The direct effect of this decision on prescription drug benefits offered under group health plans will depend on how many states introduce regulations affecting prescription drug cost reimbursements and how PBMs respond to such legislation in their contracts with employee benefit plan sponsors. The decision comes at a time when there is increasing federal scrutiny of prescription drug prices, which may affect how states choose to act. The effect of the case on ERISA preemption will similarly be determined by future state action and court decisions.

FULL ALERT

In a case that may have further implications for the provision of prescription drug benefits and the reach of ERISA preemption, the U.S. Supreme Court has unanimously upheld an Arkansas statute that regulates the price that pharmacy benefit managers (PBMs) pay retail pharmacies for prescription drugs. 

Many employee benefit plans provide prescription drug coverage through contracts with PBMs. These contracts often include complex financial arrangements, typically involving discounts and rebates, that determine how much the plan will pay the PBM for prescription drugs provided to plan members. The PBM, in turn, enters into contractual arrangements with drug manufacturers, relating to the cost of drugs provided by these manufacturers, and with pharmacies, relating to the amount that the PBM will reimburse the pharmacy for drugs provided under an arrangement administered by the PBM. The reimbursement rates established under these pharmacy contracts may be based on factors such as a listing maintained by the PBM of the maximum allowable cost (MAC) that the PBM will pay for a particular drug. 
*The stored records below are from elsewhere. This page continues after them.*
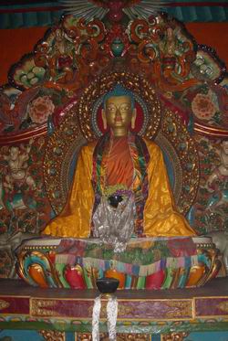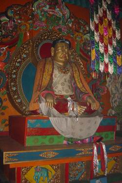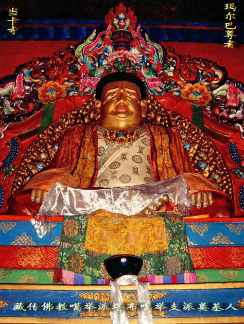 巴查道代开始建寺约在1190年左右,当时其上师杜松钦巴赠予他一白色大法螺,螺内有“阿”字(Atse)自然显现;和一尊容貌与巴查道代本人相同的佛像(注:西藏有一说,此佛像之心,如小鸟心脏般的温热,其加持力等同巴查道代本人的加持力)。上述二物(法螺与佛像)与前述非人献上之白色观音石像,是当卡寺最重要的镇寺三宝,延传至今。
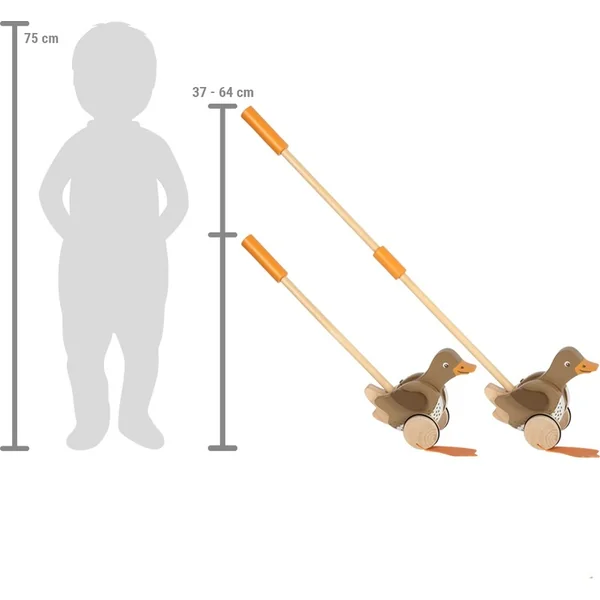 La tige en bois, qui est réglable en hauteur, offre un soutien lors des premiers pas hésitants. L’équilibre et le mouvement sont des compétences que ce cavalier aidera les enfants à développer. Les enfants peuvent pousser ou tirer le canard à la maison comme à l’extérieur. Suivez votre enfant alors qu’il apprend et rit à chaque pas qu’il fait avec ce compagnon en bois.
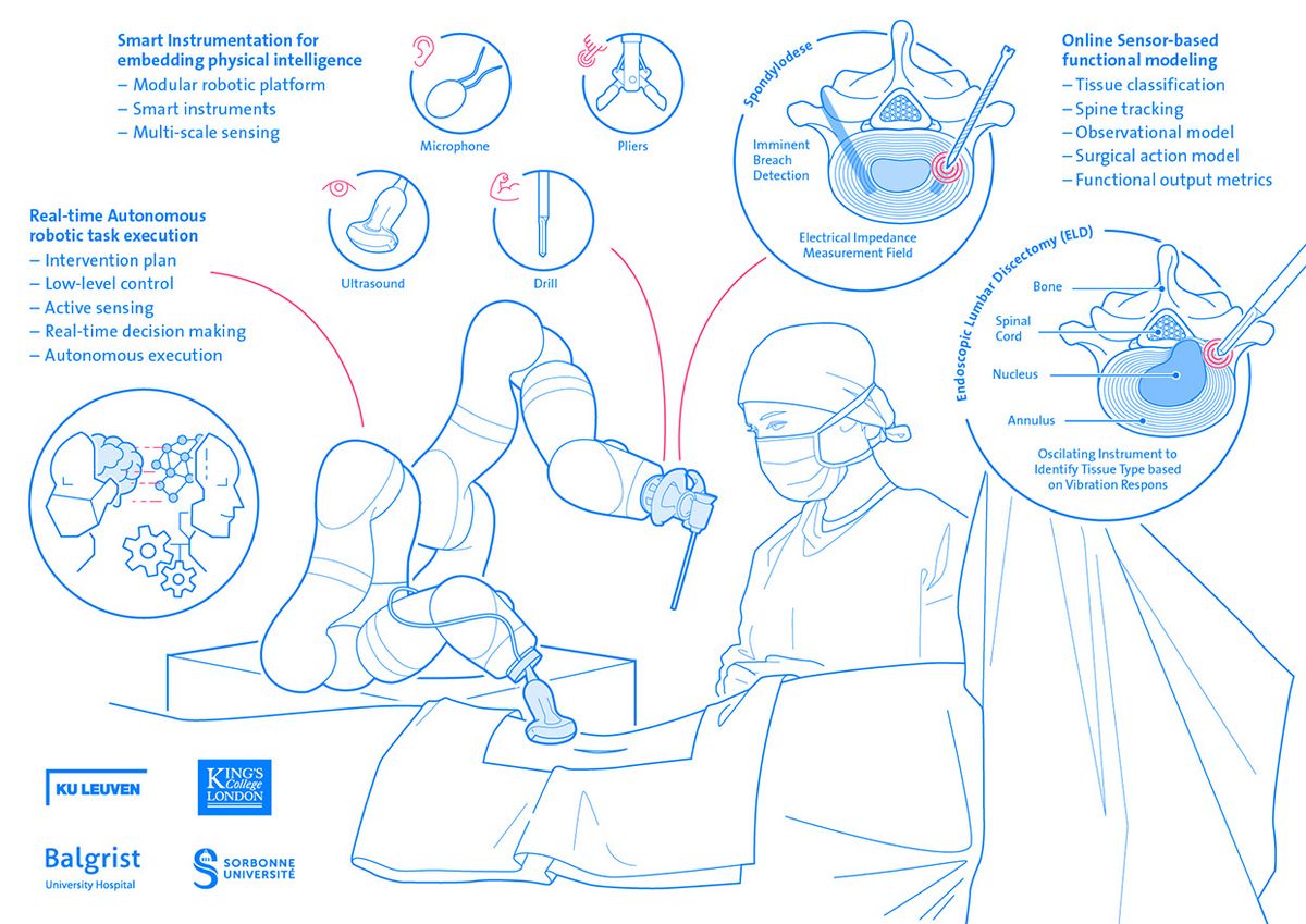 The international research project foresees the following key elements: non-visual sensors that form a multifaceted representation of the surgical task; functional models that relate signals to functional parameters and controllers, that produce sensible autonomous robot actions optimizing functional performance. This new concept will be showcased and validated on complex spine surgeries.

Finding that the amounts paid by PBMs do not always reimburse retail pharmacies for their cost in obtaining drugs from wholesalers, the State of Arkansas enacted Act 900. Act 900 regulates the price paid by PBMs for the cost of drugs purchased at retail pharmacies through mechanisms designed to ensure that the pharmacy would at least recover the cost that it is able to negotiate with a typical wholesaler from whom it may purchase the drug. 
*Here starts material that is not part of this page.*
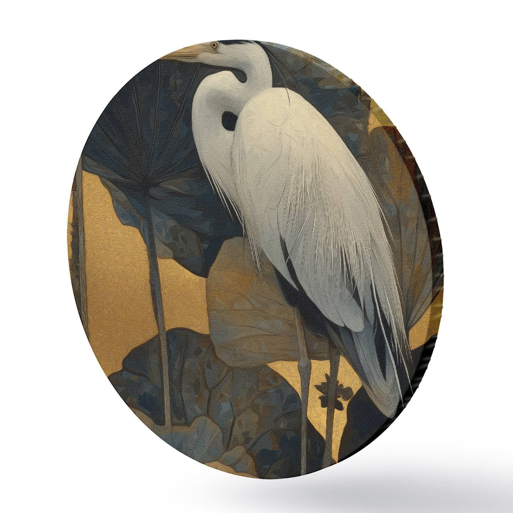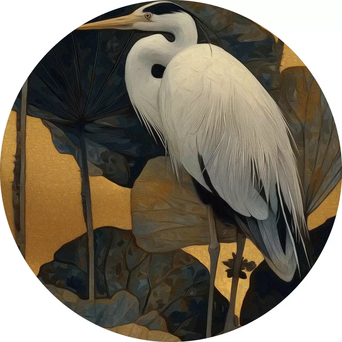 Runde Wandbilder Weißer Reiher zwischen großen Blättern auf warmem Hintergrund r46147
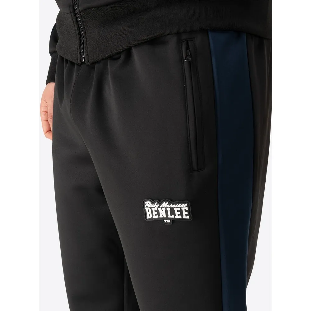 Tracksuit consisting of a full-zip tracksuit jacket, high collar and long tracksuit pants. All hems of the jacket as well as collar and waistband are made of elastic rib material. The jacket has zippered pockets as well as a sewn-on 3D badge on the left chest and a large contrasting BENLEE print on the back. The sporty look is complemented by contrasting inserts on the sleeves that merge into the trouser leg. The pants are equipped with two zippered pockets at the front and a patch pocket at the back. The left trouser leg features the same 3D logo as the jacket.

An association of PBMs sued to overturn the legislation on the grounds that it is preempted by ERISA. The federal district court and Eighth Circuit Court of Appeals agreed. The Supreme Court reversed.
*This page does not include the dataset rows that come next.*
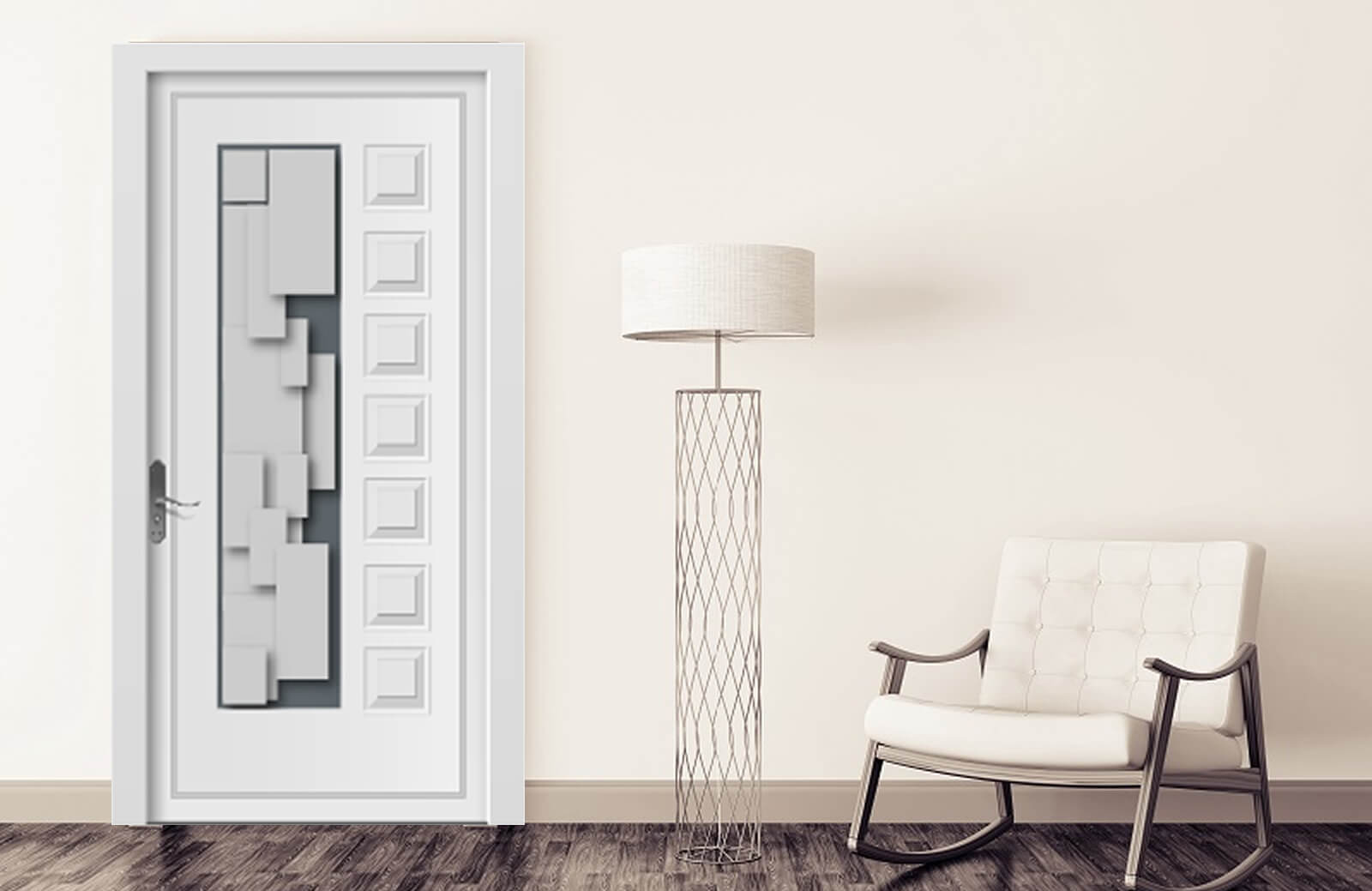 - PVC ya da Alüminyum levha dış yüzeyler arasında EPS dolgu malzemesi ve isteğe bağlı MDF takviyesi ile dekoratif kapı panelleri oluşuturulur.
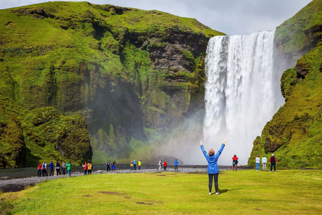We usually stop at Skógafoss for 40-50 minutes. The parking lot is just 1 minute walk from the waterfall. There are restrooms for visitors.
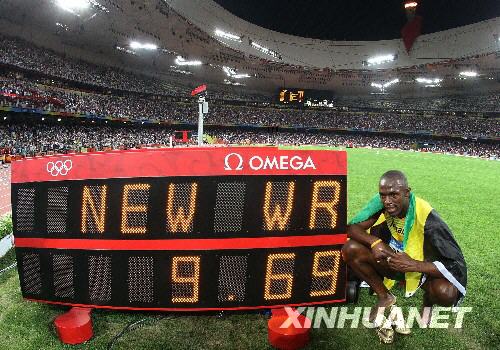 8月16日,牙買加選手尤塞恩·博爾特在比賽后與計時器合影。當日,博爾特在國家體育場“鳥巢”進行的北京奧運會男子100米決賽中以9秒69的成績奪得金牌并打破9秒72的世界紀錄。
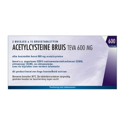 Teva Acetylcysteïne 600mg Bruistabletten 2x15 stuks

The Supreme Court ruled that Act 900 does not have “a connection with or reference to” an employee benefit plan.  It found that the Act does not “immediately and exclusively” affect ERISA plans but is a form of cost regulation that will not so acutely affect the benefits and operation of employee benefit plans as to warrant preemption. 

The direct effect of this decision on prescription drug benefits offered under group health plans will depend on how many states introduce regulations affecting prescription drug cost reimbursements and how PBMs respond to such legislation in their contracts with employee benefit plan sponsors. It comes at a time when there is increasing federal scrutiny of prescription drug prices, which may affect how states choose to act. 

With regard to ERISA preemption, the Supreme Court decision aims to place the Arkansas law in the context of other laws directed toward health care costs, particularly New York’s surcharge on hospital care, which it previously upheld against an ERISA preemption challenge. In that sense, the Court does not treat its decision as a major inroad to the scope of ERISA preemption. However, as is often the case, the full meaning of this decision for ERISA preemption will be determined by future state legislation and court decisions.

DISCLAIMER: Because of the generality of this update, the information provided herein may not be applicable in all situations and should not be acted upon without specific legal advice based on particular situations.